— А именно?

— Клоуды. Скажем, я пойду к ним. «Простите, не будет ли вам интересно узнать, что покойный Роберт Андерхей благополучно живет и здравствует?»

Они клюнут немедленно.

Дэвид сказал презрительно:

— С них вы ничего не получите. Они все до единого сидят без денег.

— Да, но существует такая штука, как соглашение. Столько-то наличными в тот день, когда будет доказано, что Андерхей жив, а миссис Гордон Клоуд на самом деле все еще миссис Роберт Андерхей, и, следовательно, завещание Гордона Клоуда, составленное до его женитьбы, остается в полной силе…

Несколько минут Дэвид сидел молча, затем спросил напрямик:

— Сколько?

Ответ прозвучал столь же прямо:

— Двадцать тысяч.

— Исключено!
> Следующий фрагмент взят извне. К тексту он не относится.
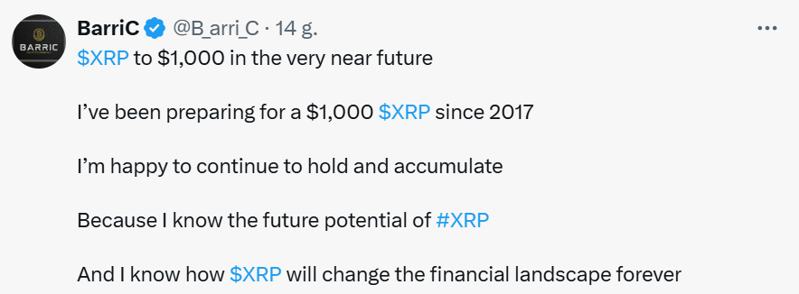 Ekspert BarriC z X’a jest hurraoptymistą. Kupowanie XRP dziś przypomina wejście w rynek przed jego historycznym rajdem w 2017 roku. Jego zdaniem bez większego problemu może przebić 3, 5, a nawet 10 czy 20 dolarów, jeśli tylko ruszy fala instytucjonalnych zakupów. „Wystarczy, że jeden duży bank zacznie używać XRP do przelewów i wszystko się zmieni” – podkreśla BarriC. Nie wyklucza też długoterminowego scenariusza, w którym osiąga 100, a nawet 1000 dolarów, jeśli technologia Ripple zdominuje międzynarodowe płatności.

Моя сестра не может трогать капитал. Она имеет только проценты.

— В таком случае — десять тысяч. Это она достанет с легкостью. Ведь имеются драгоценности, верно?

Дэвид помолчал, затем неожиданно сказал:

— Ладно.

На мгновение его собеседник растерялся. Его, казалось, удивила легкость победы.

— Никаких чеков, — резко сказал он. — Платить наличными.

— Вы должны дать нам время достать деньги.

— Пожалуйста, сорок восемь часов.

— Давайте до вторника.

— Хорошо. Вы принесете деньги сюда. — И прежде чем Дэвид успел ответить, добавил:

— Я не назначаю встречу в уединенной роще или на пустынном берегу реки, не думайте. Вы принесете деньги сюда, в «Олень», в девять часов вечера, во вторник.

— А вы подозрительны, я вижу.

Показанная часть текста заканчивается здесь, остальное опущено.